Systemic inflammatory load in humans is suppressed by consumption of two formulations of dried, encapsulated juice concentrate
Yu Jin, Xiangli Cui, Udai P. Singh, Brook Harmon, Philip Cavicchia, Anne B. Hofseth, Venkata Kotakadi, Brandy Stroud, Alexander A. Chumanevich,James R. Hebert, Thomas G. Hurley, and Lorne J. Hofseth (2010) Systemic inflammatory load in humans is suppressed by consumption of two formulations of dried, encapsulated juice concentrate. Molecular Nutrition and Food Research (54): 1-9.
Chronic inflammation contributes to an increased risk for developing chronic conditions such as cardiovascular disease, diabetes, and cancer. A high “inflammatory load” is defined as elevated inflammation markers in blood or other tissues. We evaluated several markers of systemic inflammation from healthy adults and tested the hypothesis that two formulations of encapsulated fruit and vegetable juice powder concentrate with added berry powders (FVB) or without (FV) could impact markers of inflammatory load.
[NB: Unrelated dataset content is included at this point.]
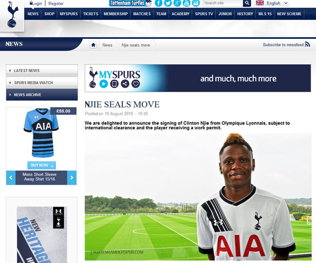 토트넘이 은지예의 영입으로 공격진을 보강했다. 토트넘은 15일(이하 한국시간) 공식 홈페이지를 통해 "은지예를 영입했다"고 발표했다. 이에 따르면 토트넘은 은지예와 2020년까지 5년 계약을 체결했다.
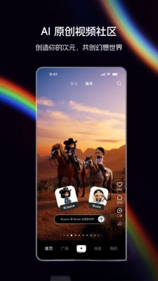 这款应用不只是简单的工具,更是围绕AI视频创作构建的社交平台。用户能在这里分享自己的作品、参与各类互动,既能激发创作灵感,也能找到志同道合的伙伴,由此形成了一个正向循环的创作生态系统。

Using a double-blind, placebo-controlled approach, 117 subjects were randomly assigned to receive placebo, FV, or FVB capsules. Blood was drawn at baseline and after 60 d of capsule consumption.
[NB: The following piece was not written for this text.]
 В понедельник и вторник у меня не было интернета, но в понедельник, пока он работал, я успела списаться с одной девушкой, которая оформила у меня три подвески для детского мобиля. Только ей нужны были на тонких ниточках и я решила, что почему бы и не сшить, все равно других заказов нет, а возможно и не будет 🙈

We measured inflammatory markers (high sensitivity C-Reactive Protein, Monocyte Chemotactic Protein-1, Macrophage Inflammatory Protein 1-β, and Regulated upon Activation, Normal T cell Expressed and Secreted), superoxide dismutase, and micronutrients (β-carotene, vitamin C, and vitamin E). Results showed Monocyte Chemotactic Protein-1, Macrophage Inflammatory Protein 1-β, and RANTES levels were significantly reduced and superoxide dismutase and micronutrient levels were significantly increased in subjects consuming both FV and FVB, relative to placebo. Data suggest a potential health benefit by consuming either formulation of the encapsulated juice concentrates through their anti-inflammatory properties.